When I run elegant and look at the stack trace, I see it is sitting in:

[<ffffffffa01625a5>] jbd2_log_wait_commit+0xc5/0x140 [jbd2]
[<ffffffffa0162938>] jbd2_complete_transaction+0x68/0xb0 [jbd2]
[<ffffffffa0174061>] ext4_sync_file+0x121/0x1d0 [ext4]
[<ffffffff811c0821>] vfs_fsync_range+0xa1/0x100
[<ffffffff811c08ed>] vfs_fsync+0x1d/0x20
[<ffffffff811c092e>] do_fsync+0x3e/0x60
[<ffffffff811c0980>] sys_fsync+0x10/0x20
[<ffffffff8100b072>] system_call_fastpath+0x16/0x1b
[<ffffffffffffffff>] 0xffffffffffffffff

This is basically telling me that it is waiting for the file output to be written turning these pauses. That would explain why writing to different file systems results in different speeds. My MacOS laptop has an SSD which doesn't appear to introduce any significant lag when writing files. The EXT4 filesystem on our compute nodes in the cluster are not SSD and as a result, much slower.

Not sure if there is a software solution to this disparity, other than not writing as much intermediate output.
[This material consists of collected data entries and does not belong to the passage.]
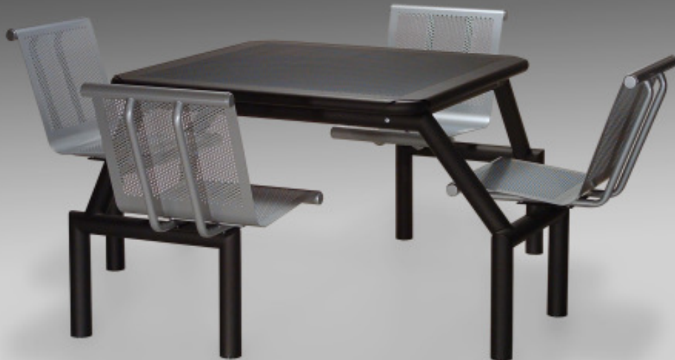
0702 Perf seats with special Perf table top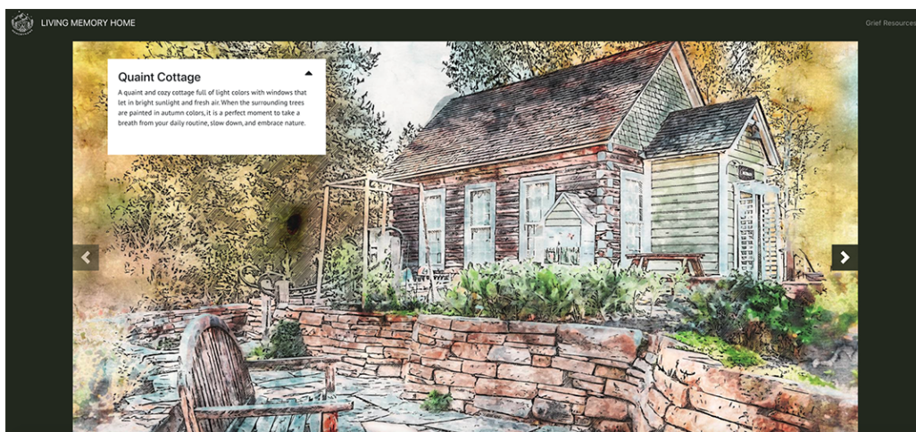
Fig. 3. Living Memory Home selecting home base exercise.

Overall, the LMH was created through a co-design process that incorporated feedback from 4 multidisciplinary experts with research experience in grief study, mental healthcare and medical application development and stakeholders who had experienced the loss of a loved one. The activities and features of LMH (e.g. writing exercises, digital mourning space) were created based on best practices drawn from bereavement and grief literature (e.g., Neimeyer's Techniques of Grief Therapy [56] and Litz's internet-based grief intervention in applying constructs of Cognitive Behavioral Therapy [45]) which were further refined based on the expert's field experiences. In the LMH, users would have the opportunity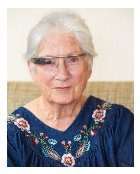
Figure 3. User wearing Google Glass and contacts.

by design or by necessity, visual information tends to be presented in the smallest way possible to minimize the size and weight of the device. For example, a smart watch designed to be lightweight and comfortable requires a relatively small display, one that could be difficult for older adults to read with ease. Fisk et al. (2009) recommended that a four-letter word should be roughly the width of a thumb when the arm is extended (visual angle of 0.6°), which may be hard to achieve on small wearable devices.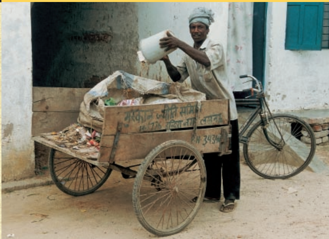
Household waste collection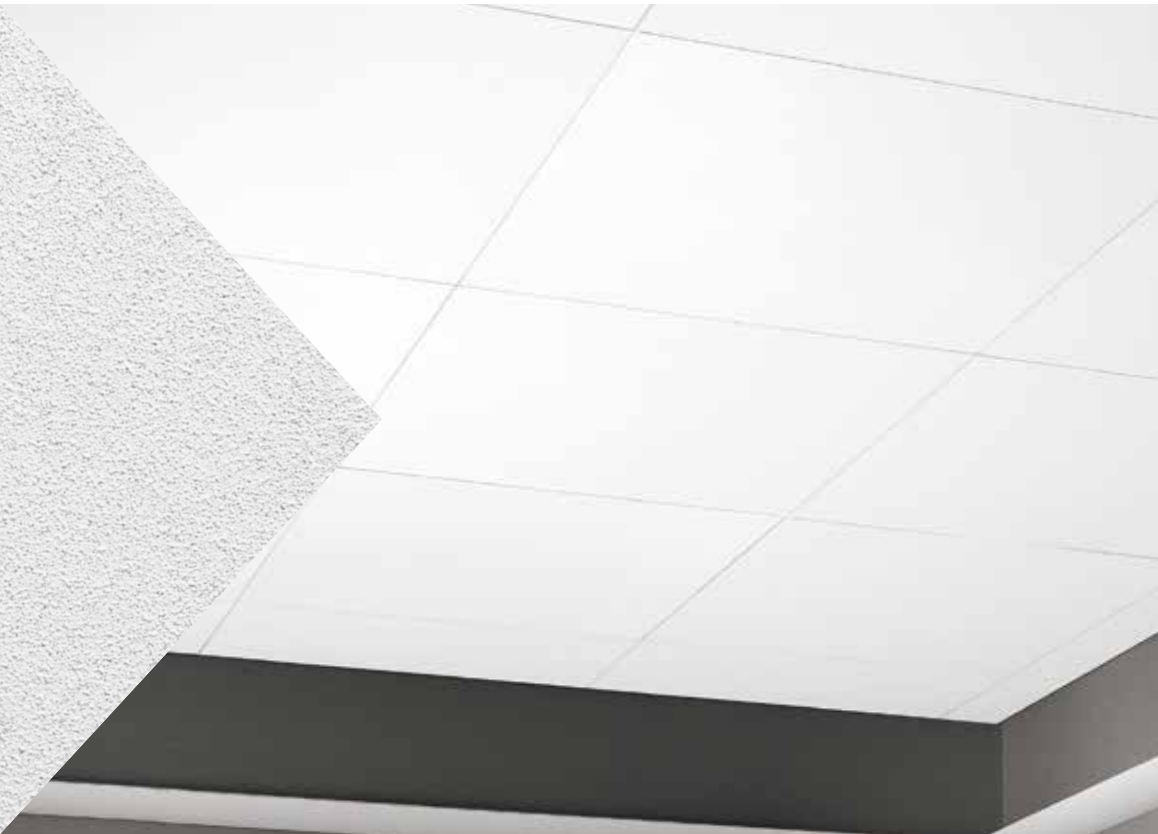
Optima PB Vector panels with Prelude® XL® 15/16" suspension system

CAD/Revit® drawings at: armstrongceilings.com/cadrevit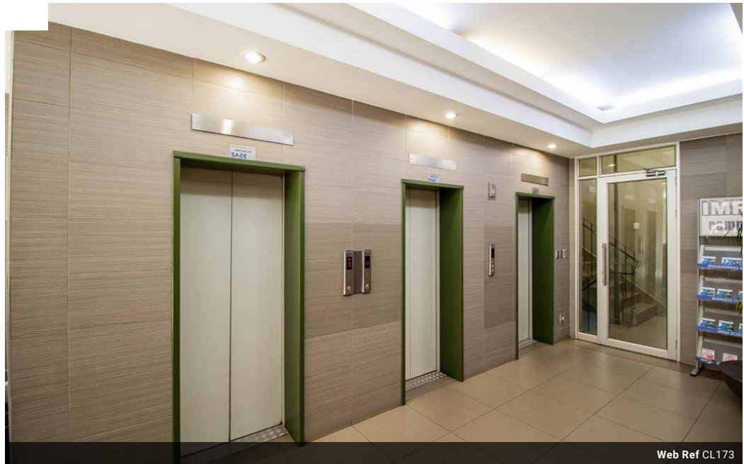
Web Ref CL173

Thornhill Office Park Building 10 84 Bekker Rd Vorna Valley Midrand 1686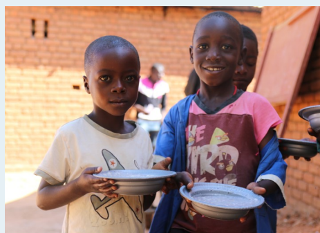
Learners at Isyalikira school, Chitipa, receive porridge.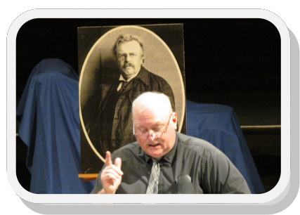
Saints & Sleuths Dramatic Reading of "The Club of Queer Trades" —Jan./Feb. 2013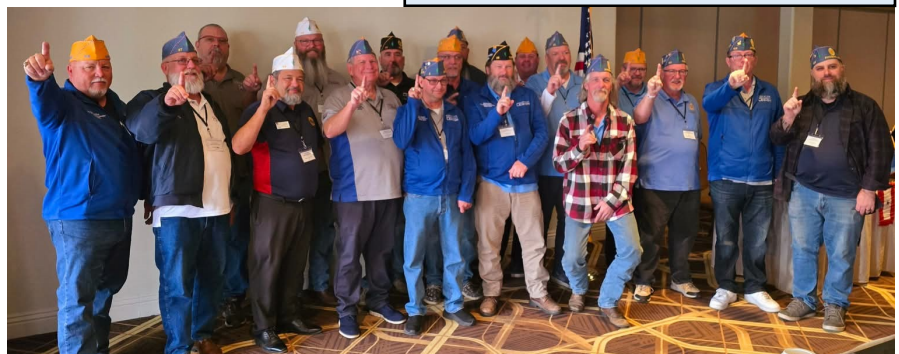
The 2025 Arizona SAL Delegation at Wild Willy's Western Rendezvous in Las Vegas on January 24-25th. It's the unofficial gathering of the Western Region which happens every year.

The trip began with several meaningful stops along the way. SAL members visited Arizona American Legion Post 12 in Wickenburg and Post 14 in Kingman, where they were warmly received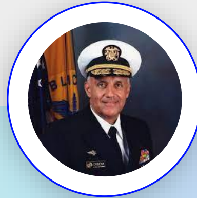
Dr Richard Carmona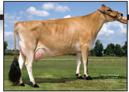
HEARTLAND ABE AVALANCHE Grandam to Lot 11

4TH DAM: HEARTLAND BERRETTA AMANDA 80% 5-08 305 3 20390 5.6 1150 3.8 782 92DCR 2706C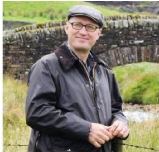
VISIT: Adrian Edmondson

Click to move your TV Licence online now >>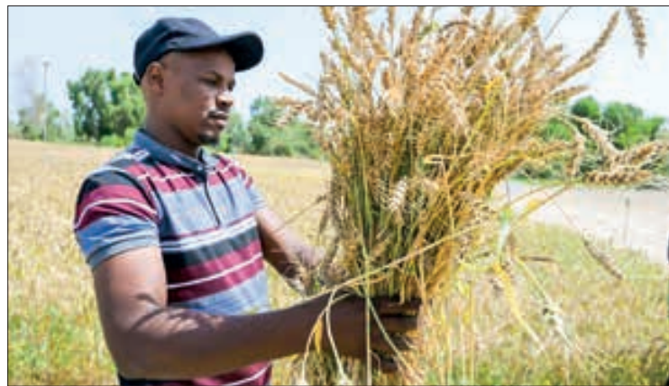
One challenge is a lack of adequate water for irrigation.

Supply chain problems, rising grain prices and inflation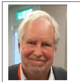
Nominee's Photo (recommended size (48 x 33 mm))

As an advocate of "open data", I will also contribute in linking the Division with other initiatives in the open data world and make sure biomedical engineers are present there and informed about the developments in other organizations that play important roles in the open data field.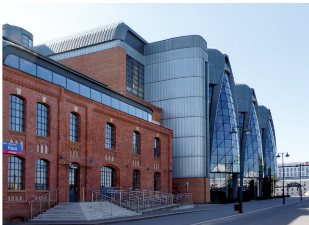
ECI Łódź — City of Culture, a former power plant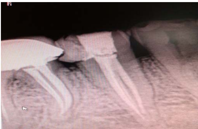
Fig 5: Post obturation radiographic picture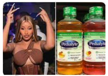
Cardi B NY Post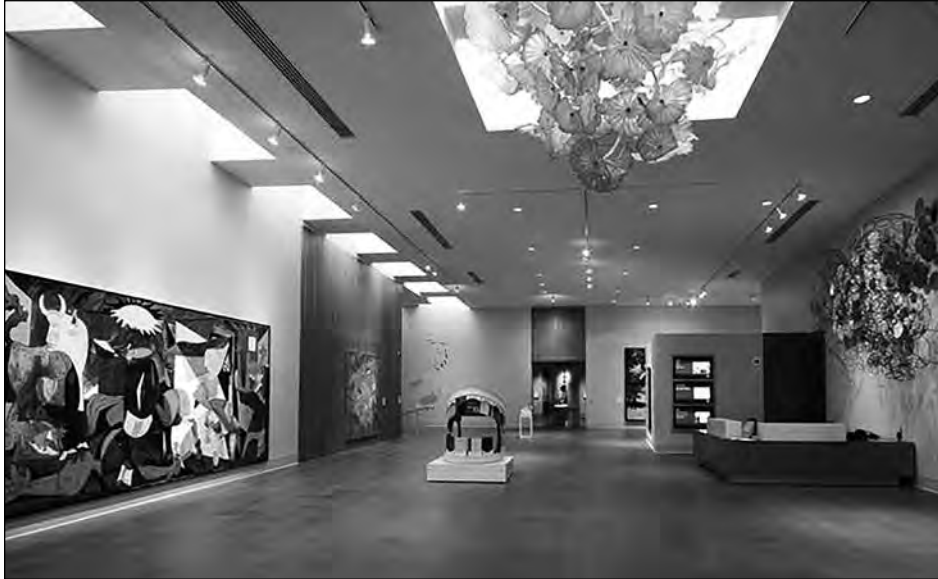
Kearsley Street entrance to FIA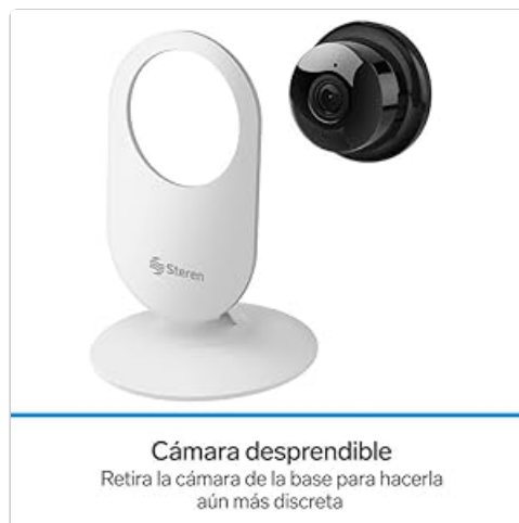
Image: The camera can be detached from its base for more discreet placement.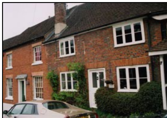
Photo 35: The use of traditional materials and details is important in the conservation area (no. 6 High Street)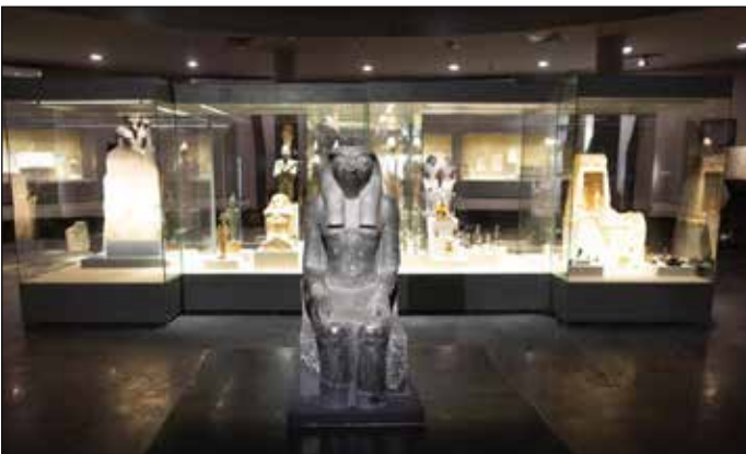
Kafr El-Sheikh Museum

This emphasizes the support Egypt gives to the tourism and antiquities sector. It also shows the importance given to showcasing Egypt's unparalleled history and its unique civilization through establishing and upgrading museums that display our rich heritage through different historical eras. The Minister said that, this was an exceptional day in the history of Egypt's tourism and antiquities sector, as 3 important museums were opened in the governorates of Sharm El Sheikh, Kafr El Sheikh and Cairo, at a cost of nearly one billion pounds.

Re: Different simulation time in two systems

Posted: 18 Nov 2019, 01:46
by Xu_Liu
Thanks for your test and detailed explanations.
The file system in my workstation is NTFS. Anyway, I will take the simulations in my MacOS laptop for faster calculation speed.

Best Regards, Xu Liu

Re: Different simulation time in two systems

Posted: 20 Nov 2019, 16:55
by michael_borland
For the parallel version, better performance is often obtained by modifying the MPI IO parameters. E.g., try putting this command at the top of the .ele file:

Code: Select all

&global_settings
        mpi_io_read_buffer_size = 400000,
        mpi_io_write_buffer_size = 400000,
&end
--Michael